I almost immediately saw how crucial and helpful innovative technological products could be to the lives of people in need of services. Just to paint the picture clearly, we track everything with paper and pen. Everything. There are upward of 90 different binders in our one staff office alone, with countless different elements that need tracking.

Having an electronic database to hold all the complex data gathered in a single client's case over the course of a two-year stay would be an incredible improvement in efficiency and sustainability. If we could use a service like Google Calendar to monitor each girl's individual schedule, rather than trying to juggle all of them by memory, we could increase organization, productivity and headspace.

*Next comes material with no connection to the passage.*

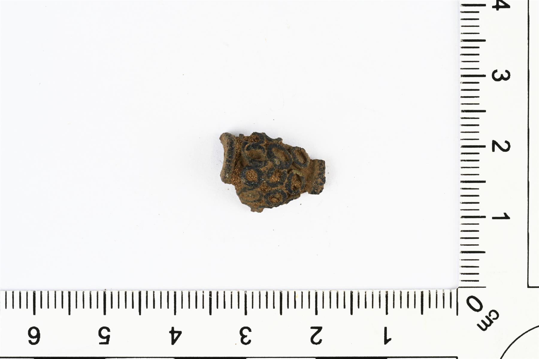 | Kupariseoshelmen katkelma. Ulkopinnassa on kohokuvioisten ympyröiden muodostama koristekenttä. Vrt. Kivikoski Abb. 1160. | |

It is vital that the wide breadth of professionals in the building communicate with each other in order to give the girls the best care possible, so implementing a communication tool like Slack could radically improve the way staff is able to communicate with each other. Making our daily tasks more streamlined, efficient and organized with the help of technology would ultimately free up more time and energy to dedicate to our girls, which is why we are all there to begin with.

There must be a variety of factors as to why the latest and greatest technological advancements have not yet made it to our worksite — the first, and probably most important, being money. As a nonprofit agency, I would assume we don't have the funds to implement these technologies. But we are arguably the ones who need them most. Using outdated methods often takes time away from the clients we are all here to serve.

It didn't take a long time for me to see the link to the benefits of technology in almost everything we do in social services. I feel grateful to have walked both paths: the "tech-savvy" path and the one that may be behind the times, because it has showed me firsthand how much the bridge between the two matters.

Among many things in my service year so far, this is a drastic and radical realization for me. I will absolutely use this new perspective for the basis the rest of my career — whether that career stays the nonprofit/social work course or veers into tech, or meets on a bridge somewhere in the middle.

[Sarabella Muise is a Good Shepherd Volunteer at a therapeutic residence for adolescent girls in New York City.]